━━━ Data shown

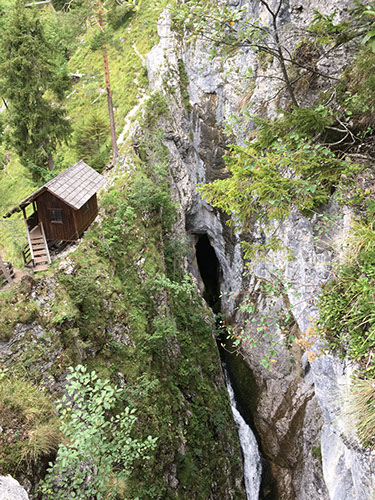 Here is the hole where the water comes out from the mountain at the Wasserlochklamm (Waterhole gorge)
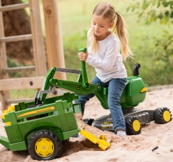 RollyDigger JOHN DEERE to wysokiej jakości dziecięca jeżdżąca koparka z funkcjonalnym ramieniem, które umożliwia nabieranie piasku, kamyczków i ziemi oraz ich łatwe przenoszenie. Dzięki obrotowemu siedzisku i podstawie 360° dzieci mogą wygodnie pracować we wszystkich kierunkach. Automatyczne blokowanie ramienia po nabraniu materiału zwiększa bezpieczeństwo i zapewnia realistyczne wrażenia z zabawy.
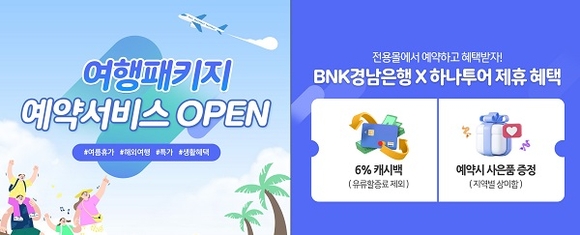 BNK경남은행은 하나투어와 제휴해 ‘여행 예약 서비스’를 시행 중이라고 10일 밝혔다.

━━━━━━

What you need to do: Retype each line above exactly. Leave the images out.

Answer to this task:
 Here is the hole where the water comes out from the mountain at the Wasserlochklamm (Waterhole gorge)
 RollyDigger JOHN DEERE to wysokiej jakości dziecięca jeżdżąca koparka z funkcjonalnym ramieniem, które umożliwia nabieranie piasku, kamyczków i ziemi oraz ich łatwe przenoszenie. Dzięki obrotowemu siedzisku i podstawie 360° dzieci mogą wygodnie pracować we wszystkich kierunkach. Automatyczne blokowanie ramienia po nabraniu materiału zwiększa bezpieczeństwo i zapewnia realistyczne wrażenia z zabawy.
 BNK경남은행은 하나투어와 제휴해 ‘여행 예약 서비스’를 시행 중이라고 10일 밝혔다.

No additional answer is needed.